Auxetic and NPR structures have been used in a variety of applications. According to U.S. Pat. No. 7,160,621, an automotive energy absorber comprises a plurality of auxetic structures wherein the auxetic structures are of size greater than about 1 mm. The article also comprises at least one cell boundary that is structurally coupled to the auxetic structures. The cell boundary is configured to resist a deformation of the auxetic structures.

NPR structures can react differently under applied loads. FIG. 1 illustrates a reactive shrinking mechanism, obtained through a topology optimization process. The unique property of this structure is that it will shrink in two directions if compressed in one direction. FIG. 1 illustrates that when the structure is under a compressive load on the top of the structure, more material is gathered together under the load so that the structure becomes stiffer and stronger in the local area to resist against the load.

SUMMARY OF THE INVENTION

This invention is directed to negative Poisson's ratio (NPR) or auxetic structures and, in particular, to three-dimensional auxetic structures and applications thereof. One such structure comprises a pyramid-shaped unit cell having four base points A, B, C, and D defining the corners of a square lying in a horizontal plane.

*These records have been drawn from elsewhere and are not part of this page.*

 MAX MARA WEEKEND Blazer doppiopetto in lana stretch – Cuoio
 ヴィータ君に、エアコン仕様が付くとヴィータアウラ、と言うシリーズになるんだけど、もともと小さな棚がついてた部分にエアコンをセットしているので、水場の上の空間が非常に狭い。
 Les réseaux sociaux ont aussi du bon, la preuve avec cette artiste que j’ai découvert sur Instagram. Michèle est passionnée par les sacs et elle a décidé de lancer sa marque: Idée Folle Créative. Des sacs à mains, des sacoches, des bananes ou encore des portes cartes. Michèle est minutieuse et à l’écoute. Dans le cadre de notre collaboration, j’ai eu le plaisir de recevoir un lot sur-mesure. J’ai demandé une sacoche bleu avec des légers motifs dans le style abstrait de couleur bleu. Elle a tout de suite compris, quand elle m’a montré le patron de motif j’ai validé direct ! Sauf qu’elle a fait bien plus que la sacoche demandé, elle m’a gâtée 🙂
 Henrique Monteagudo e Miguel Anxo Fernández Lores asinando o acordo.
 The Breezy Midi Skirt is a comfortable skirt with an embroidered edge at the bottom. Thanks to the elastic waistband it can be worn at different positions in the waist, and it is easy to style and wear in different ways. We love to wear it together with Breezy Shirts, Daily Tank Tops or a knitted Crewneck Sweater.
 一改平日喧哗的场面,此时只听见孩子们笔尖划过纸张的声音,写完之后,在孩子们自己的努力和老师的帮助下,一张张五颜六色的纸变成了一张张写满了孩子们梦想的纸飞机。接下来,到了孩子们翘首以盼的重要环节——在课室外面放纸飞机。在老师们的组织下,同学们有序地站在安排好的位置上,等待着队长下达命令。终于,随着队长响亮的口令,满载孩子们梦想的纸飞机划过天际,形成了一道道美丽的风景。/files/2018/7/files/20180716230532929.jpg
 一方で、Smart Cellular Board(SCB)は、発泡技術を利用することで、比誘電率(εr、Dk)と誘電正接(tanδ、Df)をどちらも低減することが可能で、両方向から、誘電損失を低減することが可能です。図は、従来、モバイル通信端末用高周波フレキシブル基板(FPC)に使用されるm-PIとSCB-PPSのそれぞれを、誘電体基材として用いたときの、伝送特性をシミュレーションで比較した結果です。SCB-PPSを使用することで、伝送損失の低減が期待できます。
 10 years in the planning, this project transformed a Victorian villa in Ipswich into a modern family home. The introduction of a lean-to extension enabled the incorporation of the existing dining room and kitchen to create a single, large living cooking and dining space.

Four stuffers of equal length extend from a respective one of the base points to a point E spaced apart from the plane. Four tendons of equal length, but less than that of the stuffers, extend from a respective one of the base points to a point F between point E and the plane.

The stuffers and tendons have a rectangular, round, or other cross sections. For example, the stuffers may have a rectangular cross section with each side being less than 10 millimeters, and the tendons may have a rectangular cross section with each side being less than 10 millimeters. As one specific but non-limiting example, the stuffers may be 5 mm×3 mm, and the tendons may be 5 mm×2 mm.

According to one preferred embodiment, the angle formed between opposing stuffers from points A and C or B and D is on the order of 60 degrees, and the angle formed between opposing tendons from points A and C or B and D is on the order of 130 degrees, though other angles may be used.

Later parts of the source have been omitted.